Mastering all the basic knowledge mentioned above, we can do some practices.

coroutine doesn't mean "non-blocking", you can invoke blocking API in async blocks or functions. The key to non-blocking IO is, when GenFuture is going to block (eg. an API returns io::ErrorKind::WouldBlock), register a source task by local waker and sleep (yield), lower-level non-blocking scheduler will awake this GenFuture after task completed.

In src/executor.rs, I implement Executor, block_on, spawn, TcpListener and TcpStream. Code is a little long, you had better clone and view it in editor.

Be careful to distinguish Poll(mio::Poll) from task::Poll and to distinguish net::{TcpListener, TcpStream}(mio::net::{TcpListener, TcpStream}) from TcpListener, TcpStream

Executor

Executor is a struct containing mio::Poll, main task waker and two Slabs for managing Task and Source. I don't implement any special methods for it, its only duty is to be initialized as thread local variable EXECUTOR and to be borrowed by other functions.

block_on

This function will block current thread, the only parameter is main_task: Future<Output=T>; type of return value is T. This function is generally called by main function.

block_on borrows thread local variable EXECUTOR, its main logic loop will call mio::Poll::poll to wait for events. I classify all tokens (0 - MAX_RESOURCE_NUM(1 << 31)) into three kinds:

  • main task token

    receiving Token whose value is MAIN_TASK_TOKEN (1 << 31) means main task need be awaked, main_task.poll will be called, block_on will return Ok(ret) if main_task.poll returns task::Poll::Ready(ret).

  • task token

    odd Token means corresponding task (spawned by function spawn) need be awaked, task.poll will be invoked, block_on will return Err(err) if task.poll returns Err(err).

  • source token

    even Token means corresponding source (registered by function register_source) is completed, source.task_waker.waker will be invoked to awake task which registered it.

spawn

Function to spawn tasks.

TcpListener

wrapper for mio::net::TcpListener, method accept will return a Future.

TcpStream

wrapper for mio::net::TcpStream, method read and write will both return a Future.

echo server

Implemented executor, we can write a simple echo server:

// examples/async-echo

#[macro_use]
extern crate log;

use asyncio::executor::{block_on, spawn, TcpListener};
use failure::Error;

fn main() -> Result<(), Error> {
    env_logger::init();
    block_on(
        async {
            let mut listener = TcpListener::bind(&"127.0.0.1:7878".parse()?)?;
            info!("Listening on 127.0.0.1:7878");
            while let Ok((mut stream, addr)) = listener.accept().await {
                info!("connection from {}", addr);
                spawn(
                    async move {
                        let client_hello = stream.read().await?;
                        let read_length = client_hello.len();
                        let write_length =
                            stream.write(client_hello).await?;
                        assert_eq!(read_length, write_length);
                        stream.close();
                        Ok(())
                    },
                )?;
            };
            Ok(())
        },
    )?
}

run

RUST_LOG=info cargo run --example async-echo

You can test it using telnet.

Afterword

However, to run the example metioned at the beginning, we should implement a non-blocking FS-IO based on mio and std::future.
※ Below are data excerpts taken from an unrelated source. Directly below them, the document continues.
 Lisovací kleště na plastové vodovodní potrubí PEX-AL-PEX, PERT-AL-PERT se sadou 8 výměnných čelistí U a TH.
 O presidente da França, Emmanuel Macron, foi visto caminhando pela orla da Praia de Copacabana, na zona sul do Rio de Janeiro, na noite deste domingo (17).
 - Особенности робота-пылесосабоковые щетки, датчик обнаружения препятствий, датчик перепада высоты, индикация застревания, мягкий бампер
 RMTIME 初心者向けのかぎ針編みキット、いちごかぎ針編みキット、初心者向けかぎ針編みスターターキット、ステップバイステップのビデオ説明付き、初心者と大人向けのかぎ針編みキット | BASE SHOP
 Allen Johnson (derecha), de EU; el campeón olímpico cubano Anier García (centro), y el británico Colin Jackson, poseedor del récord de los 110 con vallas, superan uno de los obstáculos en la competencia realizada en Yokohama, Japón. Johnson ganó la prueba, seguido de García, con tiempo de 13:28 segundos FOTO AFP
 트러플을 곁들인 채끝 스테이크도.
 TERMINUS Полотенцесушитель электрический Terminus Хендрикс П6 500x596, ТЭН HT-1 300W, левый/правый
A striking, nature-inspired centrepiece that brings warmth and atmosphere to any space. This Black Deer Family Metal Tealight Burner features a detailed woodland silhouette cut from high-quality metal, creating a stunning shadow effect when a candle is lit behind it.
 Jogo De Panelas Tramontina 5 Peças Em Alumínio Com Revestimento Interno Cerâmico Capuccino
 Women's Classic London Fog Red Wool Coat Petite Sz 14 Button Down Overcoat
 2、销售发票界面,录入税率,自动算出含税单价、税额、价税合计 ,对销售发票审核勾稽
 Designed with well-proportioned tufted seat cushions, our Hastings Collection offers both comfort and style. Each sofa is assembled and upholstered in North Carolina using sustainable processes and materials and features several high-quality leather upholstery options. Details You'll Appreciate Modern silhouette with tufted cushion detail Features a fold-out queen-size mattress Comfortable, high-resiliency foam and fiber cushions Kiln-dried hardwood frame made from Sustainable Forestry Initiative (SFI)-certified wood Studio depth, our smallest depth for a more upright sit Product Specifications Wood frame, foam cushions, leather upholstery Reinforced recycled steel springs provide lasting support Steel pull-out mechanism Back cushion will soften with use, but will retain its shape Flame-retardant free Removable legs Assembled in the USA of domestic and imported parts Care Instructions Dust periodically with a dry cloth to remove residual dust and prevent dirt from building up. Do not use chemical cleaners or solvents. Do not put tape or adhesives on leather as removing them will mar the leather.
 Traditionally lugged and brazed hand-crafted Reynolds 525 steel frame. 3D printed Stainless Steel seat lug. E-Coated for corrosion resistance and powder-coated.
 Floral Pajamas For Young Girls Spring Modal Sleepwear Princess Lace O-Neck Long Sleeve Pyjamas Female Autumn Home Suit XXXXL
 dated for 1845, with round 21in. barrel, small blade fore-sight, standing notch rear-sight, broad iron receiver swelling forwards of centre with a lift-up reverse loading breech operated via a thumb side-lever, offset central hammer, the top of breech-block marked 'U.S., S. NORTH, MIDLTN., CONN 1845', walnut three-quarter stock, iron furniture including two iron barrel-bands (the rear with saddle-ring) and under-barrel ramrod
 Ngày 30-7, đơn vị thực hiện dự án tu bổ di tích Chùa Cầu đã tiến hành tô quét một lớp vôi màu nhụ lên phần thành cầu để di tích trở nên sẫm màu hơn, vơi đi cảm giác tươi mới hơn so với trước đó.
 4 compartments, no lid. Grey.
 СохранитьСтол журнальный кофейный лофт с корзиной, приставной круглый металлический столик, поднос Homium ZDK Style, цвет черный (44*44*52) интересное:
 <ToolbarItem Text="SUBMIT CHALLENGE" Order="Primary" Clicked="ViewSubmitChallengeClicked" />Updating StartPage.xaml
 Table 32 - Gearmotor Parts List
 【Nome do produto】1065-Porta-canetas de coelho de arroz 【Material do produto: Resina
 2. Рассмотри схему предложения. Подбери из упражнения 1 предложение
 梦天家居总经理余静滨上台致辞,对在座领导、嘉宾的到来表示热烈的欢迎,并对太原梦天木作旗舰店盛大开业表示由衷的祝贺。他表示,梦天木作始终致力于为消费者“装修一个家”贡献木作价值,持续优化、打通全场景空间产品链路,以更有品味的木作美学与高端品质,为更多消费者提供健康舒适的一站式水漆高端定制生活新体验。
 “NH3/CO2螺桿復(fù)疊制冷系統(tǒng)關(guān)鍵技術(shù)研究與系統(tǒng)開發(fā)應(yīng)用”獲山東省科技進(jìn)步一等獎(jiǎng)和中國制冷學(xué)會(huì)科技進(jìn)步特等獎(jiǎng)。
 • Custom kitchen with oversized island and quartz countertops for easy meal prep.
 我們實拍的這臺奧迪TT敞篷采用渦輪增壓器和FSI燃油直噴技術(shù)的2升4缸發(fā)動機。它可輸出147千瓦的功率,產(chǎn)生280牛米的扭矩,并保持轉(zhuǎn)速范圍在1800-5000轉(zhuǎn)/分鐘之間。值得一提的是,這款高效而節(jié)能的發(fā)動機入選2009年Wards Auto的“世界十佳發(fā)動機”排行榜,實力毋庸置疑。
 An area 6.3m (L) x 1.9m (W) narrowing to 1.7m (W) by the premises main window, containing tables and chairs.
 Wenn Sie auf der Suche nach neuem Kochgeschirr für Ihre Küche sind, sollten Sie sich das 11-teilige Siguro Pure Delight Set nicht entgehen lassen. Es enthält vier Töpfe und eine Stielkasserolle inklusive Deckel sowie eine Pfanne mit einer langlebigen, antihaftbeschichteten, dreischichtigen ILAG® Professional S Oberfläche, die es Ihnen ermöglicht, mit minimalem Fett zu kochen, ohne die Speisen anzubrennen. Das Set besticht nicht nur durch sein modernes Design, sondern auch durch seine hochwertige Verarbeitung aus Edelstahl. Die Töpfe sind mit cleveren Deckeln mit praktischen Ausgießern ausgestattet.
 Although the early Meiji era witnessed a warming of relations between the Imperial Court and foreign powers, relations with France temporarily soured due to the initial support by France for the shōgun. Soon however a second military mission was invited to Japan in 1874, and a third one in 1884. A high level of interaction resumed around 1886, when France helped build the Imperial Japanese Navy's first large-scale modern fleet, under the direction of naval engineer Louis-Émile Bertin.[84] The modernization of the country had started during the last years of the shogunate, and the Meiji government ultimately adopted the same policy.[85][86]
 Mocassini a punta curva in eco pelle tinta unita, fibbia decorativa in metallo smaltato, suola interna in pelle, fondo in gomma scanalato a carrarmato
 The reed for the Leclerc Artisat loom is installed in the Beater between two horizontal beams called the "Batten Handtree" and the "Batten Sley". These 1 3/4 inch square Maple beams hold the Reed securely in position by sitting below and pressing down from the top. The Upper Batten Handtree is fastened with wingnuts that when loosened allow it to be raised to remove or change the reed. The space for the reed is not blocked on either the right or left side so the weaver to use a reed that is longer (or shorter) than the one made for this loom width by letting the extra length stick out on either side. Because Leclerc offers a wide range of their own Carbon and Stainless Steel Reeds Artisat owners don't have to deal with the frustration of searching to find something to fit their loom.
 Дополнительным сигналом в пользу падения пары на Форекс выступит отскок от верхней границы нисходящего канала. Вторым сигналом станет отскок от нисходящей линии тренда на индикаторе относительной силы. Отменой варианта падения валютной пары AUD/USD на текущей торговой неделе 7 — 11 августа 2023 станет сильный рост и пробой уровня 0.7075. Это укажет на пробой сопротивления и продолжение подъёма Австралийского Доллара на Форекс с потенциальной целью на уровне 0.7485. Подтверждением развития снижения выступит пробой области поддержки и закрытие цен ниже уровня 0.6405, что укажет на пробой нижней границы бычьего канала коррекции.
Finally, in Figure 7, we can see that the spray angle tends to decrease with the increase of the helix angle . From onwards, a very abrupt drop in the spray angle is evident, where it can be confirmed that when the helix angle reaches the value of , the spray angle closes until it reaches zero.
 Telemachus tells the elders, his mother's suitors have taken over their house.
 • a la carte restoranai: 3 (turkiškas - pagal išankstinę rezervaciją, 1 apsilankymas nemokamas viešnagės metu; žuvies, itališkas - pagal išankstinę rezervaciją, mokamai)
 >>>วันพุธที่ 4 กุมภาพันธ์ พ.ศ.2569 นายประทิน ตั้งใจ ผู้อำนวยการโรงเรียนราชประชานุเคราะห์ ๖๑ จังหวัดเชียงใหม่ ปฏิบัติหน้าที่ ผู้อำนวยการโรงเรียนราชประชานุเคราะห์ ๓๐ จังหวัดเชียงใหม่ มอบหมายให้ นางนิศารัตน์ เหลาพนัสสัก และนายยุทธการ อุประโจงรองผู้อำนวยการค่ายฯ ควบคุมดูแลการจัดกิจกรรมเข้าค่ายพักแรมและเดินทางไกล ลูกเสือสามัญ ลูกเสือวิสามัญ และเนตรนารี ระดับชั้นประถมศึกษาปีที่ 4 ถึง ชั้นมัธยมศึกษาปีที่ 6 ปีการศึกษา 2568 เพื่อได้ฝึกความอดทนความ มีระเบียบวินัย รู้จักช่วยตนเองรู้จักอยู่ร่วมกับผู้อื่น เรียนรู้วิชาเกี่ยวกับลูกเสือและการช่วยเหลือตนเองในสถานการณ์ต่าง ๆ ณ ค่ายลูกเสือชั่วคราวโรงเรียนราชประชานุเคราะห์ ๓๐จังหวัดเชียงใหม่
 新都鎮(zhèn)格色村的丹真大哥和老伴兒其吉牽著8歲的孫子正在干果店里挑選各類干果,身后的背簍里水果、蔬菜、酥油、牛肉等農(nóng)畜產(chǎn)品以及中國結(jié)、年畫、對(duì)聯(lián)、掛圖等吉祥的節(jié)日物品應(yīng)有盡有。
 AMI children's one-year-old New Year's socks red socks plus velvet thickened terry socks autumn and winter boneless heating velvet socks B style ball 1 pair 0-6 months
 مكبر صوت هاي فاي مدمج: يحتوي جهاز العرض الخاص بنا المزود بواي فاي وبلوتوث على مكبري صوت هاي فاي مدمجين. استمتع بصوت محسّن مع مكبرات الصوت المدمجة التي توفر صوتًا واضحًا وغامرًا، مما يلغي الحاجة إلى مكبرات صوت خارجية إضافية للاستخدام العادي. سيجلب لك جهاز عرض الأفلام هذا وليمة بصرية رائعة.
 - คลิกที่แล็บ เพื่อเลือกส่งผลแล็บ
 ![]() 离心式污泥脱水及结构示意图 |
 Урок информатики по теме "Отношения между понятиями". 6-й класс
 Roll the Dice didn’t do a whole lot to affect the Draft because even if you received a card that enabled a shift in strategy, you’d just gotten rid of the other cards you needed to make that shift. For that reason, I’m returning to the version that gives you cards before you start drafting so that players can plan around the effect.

Here is the final implementation: src/fs_future.rs.

Now, let's run:

RUST_LOG=info cargo run --example file-server

Test it using telnet:

[~] telnet 127.0.0.1 7878                                                                  
Trying 127.0.0.1...
Connected to localhost.
Escape character is '^]'.
Please enter filename: examples/test.txt
Hello, World!
Connection closed by foreign host.

You can look up source code by yourself if you are interested in it.